Mohammad Imran

Personal information
- Full name: Mohammad Imran
- Date of birth: November 15, 1986 (age 39)
- Place of birth: Toba Tek Singh, Pakistan
- Height: 1.77 m (5 ft 10 in)
- Position: Left back

Senior career*
- Years: Team / Apps / (Gls)
- 2004: Allied Bank
- 2005: PTCL
- 2005–2011: Pakistan Army

International career
- 2006: Pakistan U23
- 2005–2008: Pakistan / 25 / (0)

Medal record
Representing Pakistan
| Winner | South Asian Games | 2006 |

= Muhammad Imran (footballer) =

Pakistani footballer (born 1986)

Mohammad Imran (محمد عمران; born on November 15, 1986) is a Pakistani former footballer who played as a defender.

== Early life ==
Nicknamed Lefty, Imran was born in Pir Mahal, in Toba Tek Singh district of Pakistan.

== Club career ==
Imran started his career at Allied Bank in 2004. He moved to PTCL the next year.

In 2005, Imran moved to Pakistan Army F.C. He won the Pakistan Premier League with Pakistan Army in 2006 and 2007. Imran was also declared Most Valuable Player (MVP) of Pakistan Premier League 2007-08. He also participated in the AFC President's Cup with the club.

== International career ==
In April 2005, Imran was selected at the 2005 Islamic Solidarity Games. Imran senior debut was on 12 June 2005, in the first of a three-game series against India, the game ended in a 1–1 draw. He was subsequently called for the 2005 SAFF Gold Cup. He later played at the 2007 AFC Asian Cup qualification.

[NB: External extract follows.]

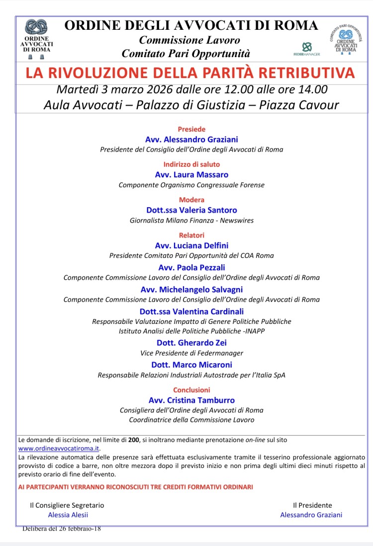 Segnalo la mia partecipazione, in qualità di relatore, al Convegno che si terrà martedì 3 marzo 2026, dalle ore 12:00 alle ore 14:00, dedicato al tema: “La rivoluzione della parità retributiva”.

Imran was also called by the Pakistan under-23 national team for the 2006 South Asian Games held in Colombo, where he helped Pakistan win the gold medal.

In 2007, Imran also played for Pakistan under-23 team at the Football at the 2008 Summer Olympics Qualifiers where Pakistan defeated Singapore in a home and away series to qualify for the second round.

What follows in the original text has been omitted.